Task statement -
The output should match, line for line, the records from the line containing "WIC・ロフト付きで収納充実!" through the line containing "This gorgeous Ted", with every picture left out.

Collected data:
*** Begin section ***

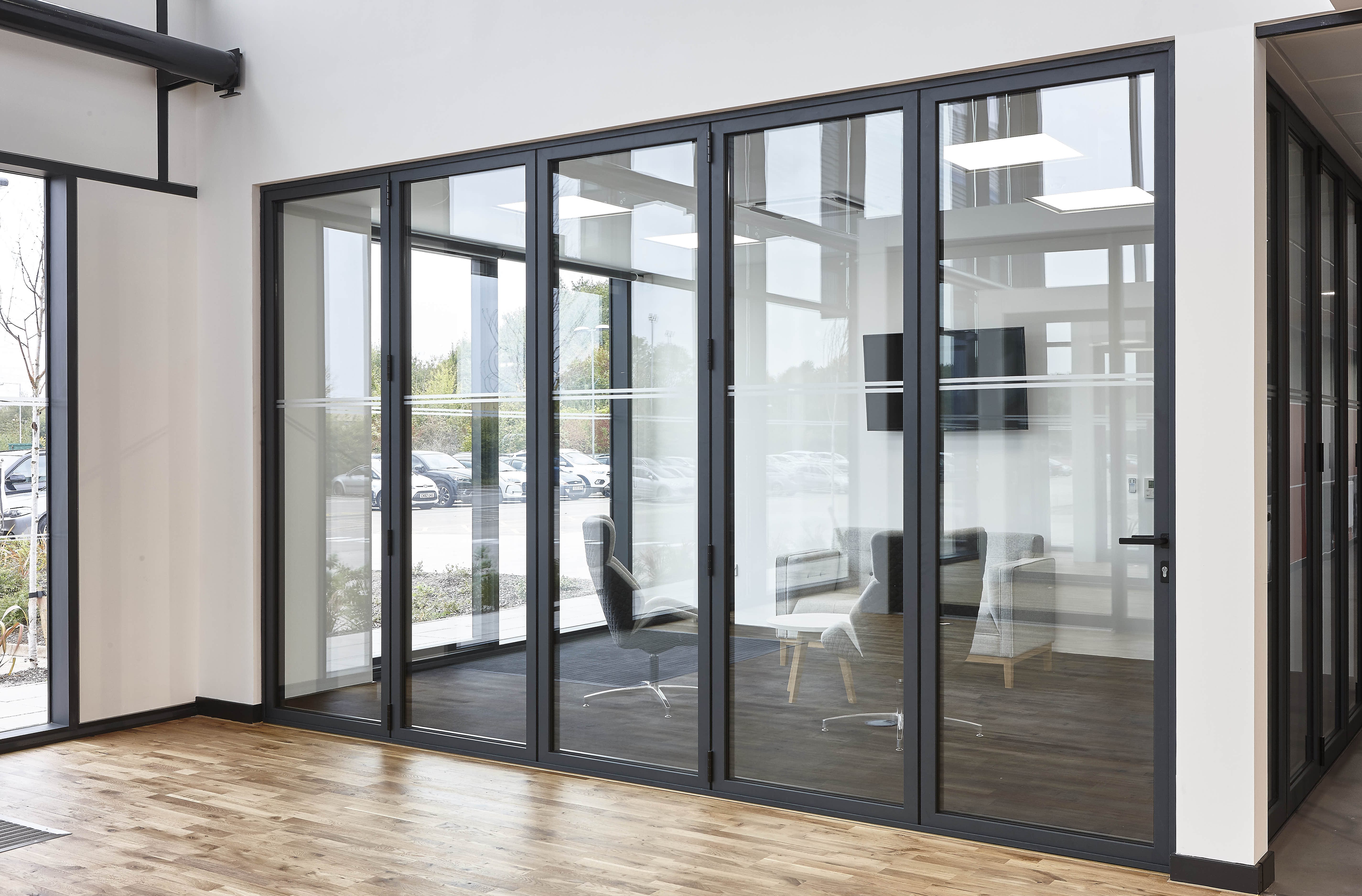 The contemporary look created by these uniform sightlines extends to the bespoke flush hardware designed and developed just for this door. This includes a new flush pop up T-handle, unique to AluK, which removes the need to add unsightly surface mounted door handles. There is also a flush handle for the traffic door, and specially designed, heavy duty rollers which deliver effortless operation. The F82 has achieved PAS24 accreditation at 2600mm wide, meaning that it can be installed in new build properties where Approved Document Q is required.
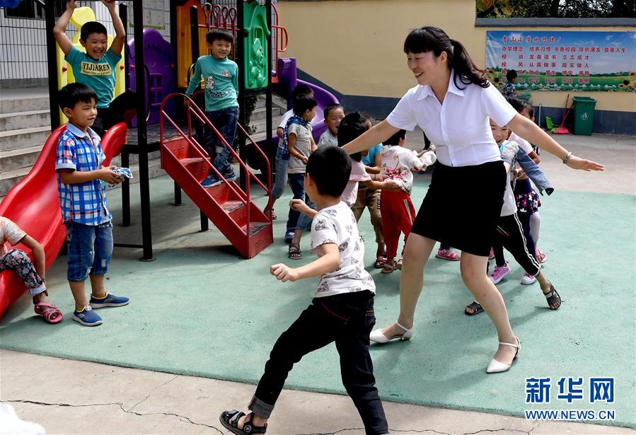 9月7日,河南省嵩县饭坡镇青山村小学老师白会娟在课间带着学生做游戏。 饭坡镇青山村小学位于河南省嵩县的偏远山区,学校现有110名学生,6名在编教师,其中4名教师都出自一家。今年35岁的杜明伟曾是一名镇中学的教师,2009年,杜明伟在青山村小学任教了29年的父亲杜同升因病不能继续教学,眼看着村小学面临停课,杜明伟毅然说服了妻子白会娟,双双回到青山村小学接过父亲手中的教鞭,一干就是近10年。 青山村小学远离镇区,交通不便,近10年间,杜明伟夫妇眼看着年轻教师来了又走。为了补充师资力量,杜明伟在镇上小学任教的叔叔杜同新申请调到青山村小学教学,白会娟也说服了全县招教考试总分第一名的弟弟白海伟来到青山村小学任教,一家两代五人,传承坚守在青山村小学,守护着山村孩子的求学梦想。 近几年,通过社会各界的帮助,学校的硬件条件得到了明显提升,还新建了书屋,白会娟成为图书管理员。老师们坚持带着学生阅读,教学生写读书日记,让学生养成了良好的阅读习惯。 如今村子里考上大学的学生数量增多,杜明伟心里有说不出的高兴:“小学是人生的奠基阶段,要让孩子们把基础知识学扎实,培养他们良好的阅读习惯,树立正确的价值观,只要还有学生,我们就要一直坚持下去。” 新华社记者李安摄
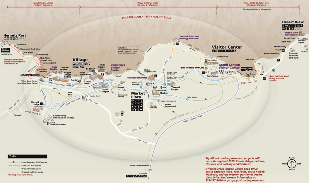 We woke up bright and early on this day and hit the ground running. Our goal was to tour the Southern Rim starting at Mather Point and head all the way to Bright Angel Lodge. You can see on this map, the location of Yavapai Lodge where we were staying, and the Visitor Center/Mather Point where we were starting.
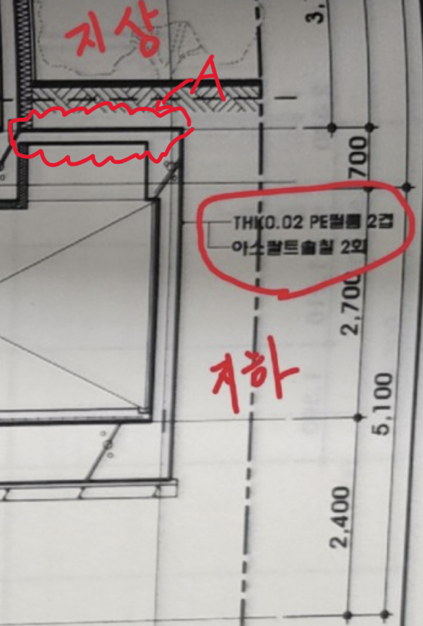 지중에 들어 있는 천장 평슬라브 구간이라함은 "첨부파일의 A부분"을 의미하는 지요? 다시말하면 A부분에 방수가 별도로 기재가 안되어 있고, 지중에 매립되었으므로 이에 적합한 방수가 기입되어야 한다는 뜻이지요? 보통 이런 지중에 매립된 슬라브에는 어떤 방수방법 또는 방수재를 적용하는 지요?
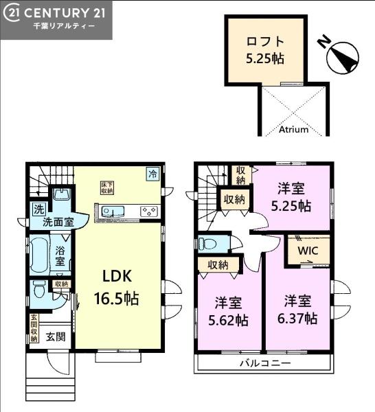 WIC・ロフト付きで収納充実!
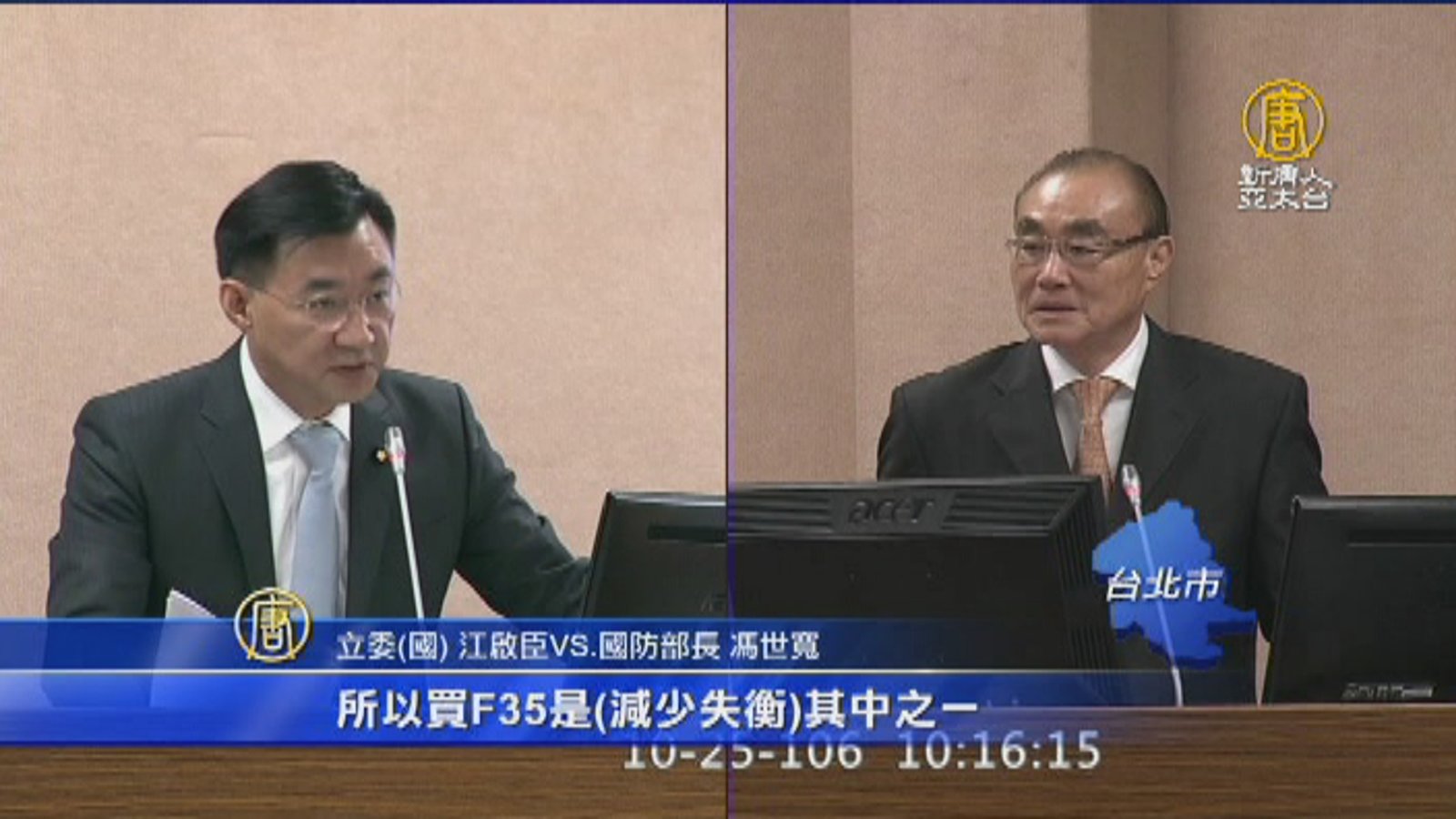 國防部長馮世寬立法院備詢,針對兩岸軍力失衡,馮世寬說,向美國購買F35是選項之一,只是擺在眼前,慶富公司承包的獵雷艦案牽扯 超貸弊案,越演越烈,軍方已經下達通牒,明年1月興達港廠房沒有完工,就達到解約標準! //asset2.ntdtv.com.tw/public/uploads/assets/2017/10/25/2017-10-25-59f0841b260d6.mp4 馮世寬|軍購|F35|獵雷艦|行憲紀念日|慶富2017-10-25 20:27:52
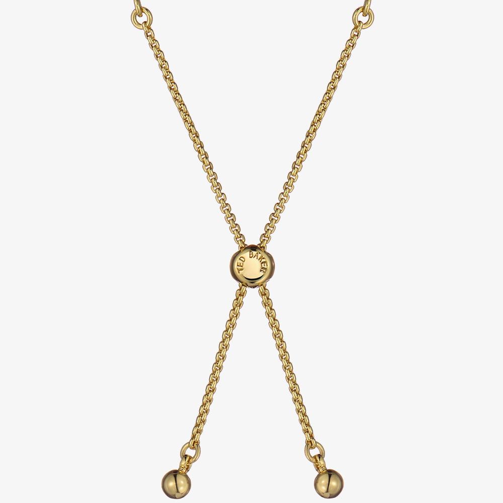 This gorgeous Ted Baker Isabela toggle bracelet is fully adjustable. It is adorned with clear, sparkling cubic zirconia stones, and it’s made from brass with a gold tone plating.
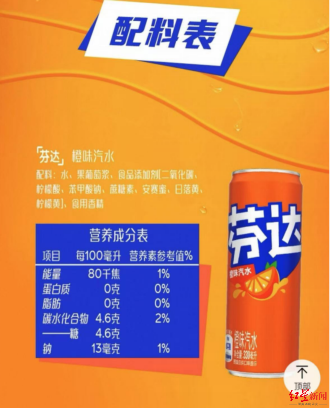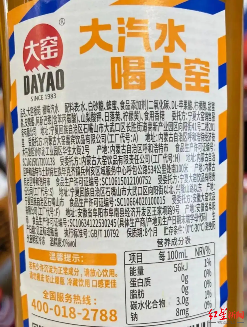 记者对比了可口可乐公司旗下类似产品“芬达”橙味汽水,其配料为:水、果葡糖浆、食品添加剂【二氧化碳、柠檬酸、苯甲酸钠、蔗糖素、安赛蜜、日落黄、柠檬黄】、食用香精。相对来说,“芬达”橙味汽水配料比大窑橙味汽水配料更简单,没有甜蜜素、阿斯巴甜,使用了蔗糖素替代。
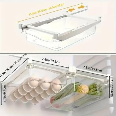 The FARIDABIO 2pcs Refrigerator Hanging Storage Drawer Organizer is designed to maximise fridge space and keep your fruits, vegetables, eggs, and meats neatly stored. Made from durable plastic, this heavy-duty organizer features adjustable shelves and hooks for a customisable storage solution.
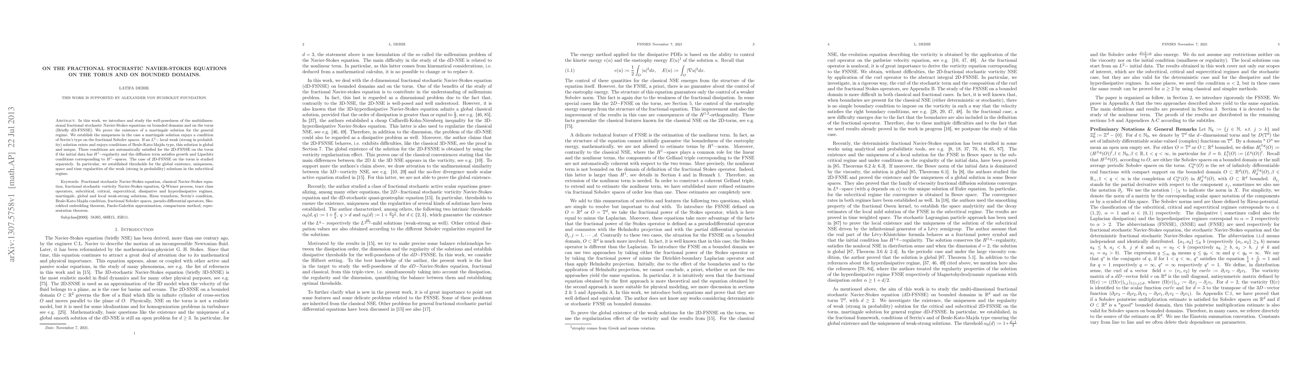 In this work, we introduce and study the well-posedness of the multidimensional fractional stochastic Navier-Stokes equations on bounded domains and on the torus (Briefly dD-FSNSE). We prove the existence of a martingale solution for the general regime. We establish the uniqueness in the case a martingale solution enjoys a condition of Serrin's type on the fractional Sobolev spaces. If an $L^2-$ local weak (strong in probability) solution exists and enjoys conditions of Beale-Kato-Majda type, this solution is global and unique. These conditions are automatically satisfied for the 2D-FSNSE on the torus if the initial data has $ H^1-$regularity and the diffusion term satisfies growth and Lipschitz conditions corresponding to $ H^1-$spaces. The case of 2D-FSNSE on the torus is studied separately. In particular, we established thresholds for the global existence, uniqueness, space and time regularities of the weak (strong in probability) solutions in the subcritical regime.
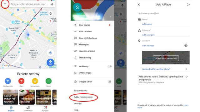 - यहां नीचे की तरफ देखेंगे Add a missing place नाम से एक ऑप्शन दिखाई देगा। जिस पर क्लिक कर देना है।
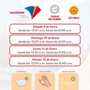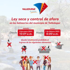 También se exceptuará, control de aforo en los balnearios del municipio de Valledupar y ley seca, que regirá a partir del mismo sábado 9 de enero, desde las doce y un minuto de la media noche (12:01 AM), hasta el lunes 1 de febrero a las seis de la mañana (6:00 AM), por lo tanto, queda prohibido el expendio e ingreso de bebidas alcohólicas, calderos, asaderos, termos, cavas, así estipuló la alcaldía en el Decreto N° 000009.
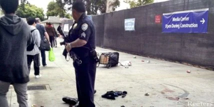 Стрелок был вооружен автоматом, был одет в бронежилет и каску. Он вел беспорядочную стрельбу по прохожим, автобусам, машинам и соседним строениям на бульваре Пико. Несколько погибших обнаружены в жилых домах.
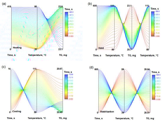 The color scale represents the duration of the experiment. The graphs illustrate the decrease in sample mass at each stage, reflecting the degradation and evaporation processes occurring during the thermal cycle.
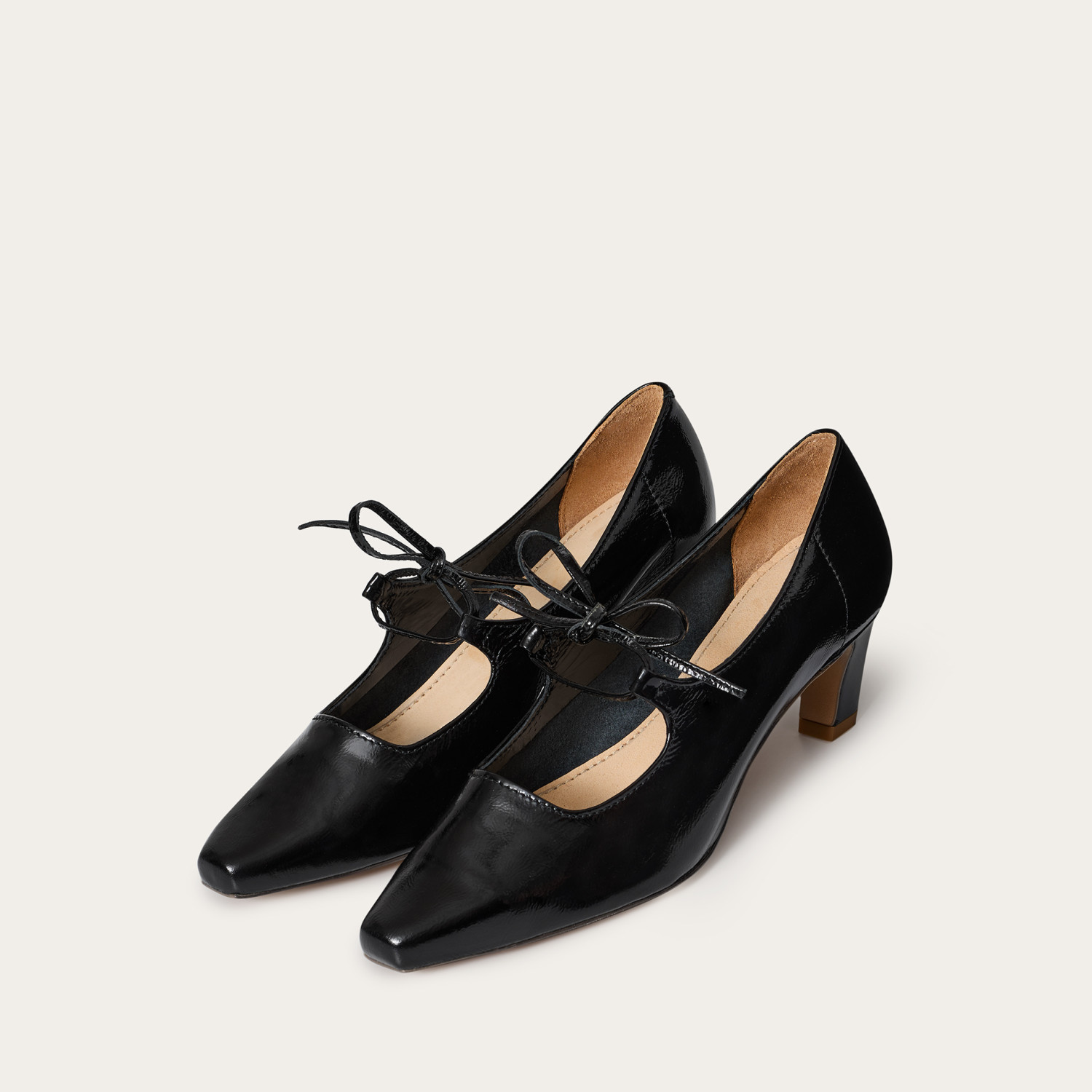 Glossy models are made from soft natural leather coated with a layer of lacquer with a slightly crinkled texture, known as naplak. Like all leather shoes, they crease where the foot bends, and these creases are a natural sign of wear.
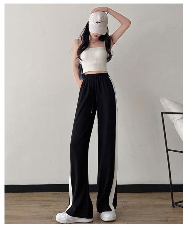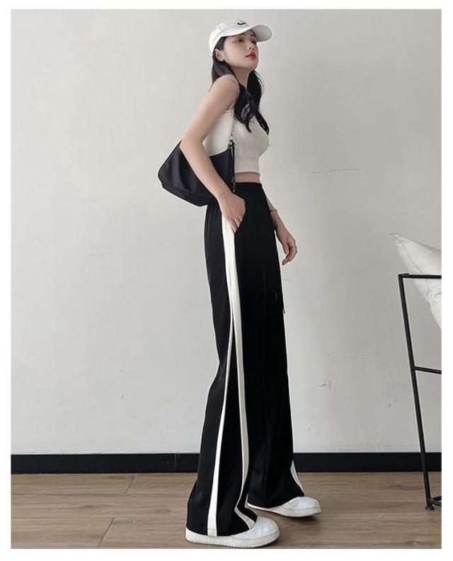 下 ガチョウパンツ レディース ワイドパンツ スウェット スウェットパンツ ゆったり 薄手 ロングパンツ ヨガ サイドライン 送料無料 大きいサイズ 通気性 ストレートパンツ 薄手 脚長効果 トレーニング フィットネス アウトドア スポーツ ジャージ
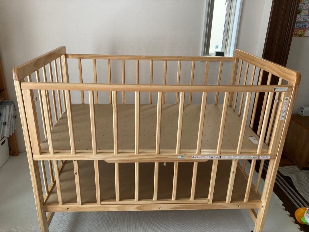 ミニタチベッド(1台)【カトージ(KATOJI)】●色:ミルキーグレー●使用対象年齢:新生児から生後24ヶ月以内●内寸60×90なのでミニ布団サイズがぴったり。●床板3段階調節可能(上55.5、中47.5、下23.5)●スライド扉式●収納扉付き●組み立て説明書付き本体サイズ• N J:W67 D94.5 H100cm• M:W60 D90cm2〜3ヶ月程リビングでのみ使用しました。夜は別のベットで寝てました。目立った大きな傷はありませんが、収納部分や角に多少の塗料剥がれ等あります。細かな傷などあるかもしれませんが、素人検品なのでご了承ください。下の段に収納があり便利です。※大きな品なので、発送にお時間をいただく場合があります。種別···ベビーベッド

*** End section ***

Solution to this exercise -
 WIC・ロフト付きで収納充実!
 國防部長馮世寬立法院備詢,針對兩岸軍力失衡,馮世寬說,向美國購買F35是選項之一,只是擺在眼前,慶富公司承包的獵雷艦案牽扯 超貸弊案,越演越烈,軍方已經下達通牒,明年1月興達港廠房沒有完工,就達到解約標準! //asset2.ntdtv.com.tw/public/uploads/assets/2017/10/25/2017-10-25-59f0841b260d6.mp4 馮世寬|軍購|F35|獵雷艦|行憲紀念日|慶富2017-10-25 20:27:52
 This gorgeous Ted Baker Isabela toggle bracelet is fully adjustable. It is adorned with clear, sparkling cubic zirconia stones, and it’s made from brass with a gold tone plating.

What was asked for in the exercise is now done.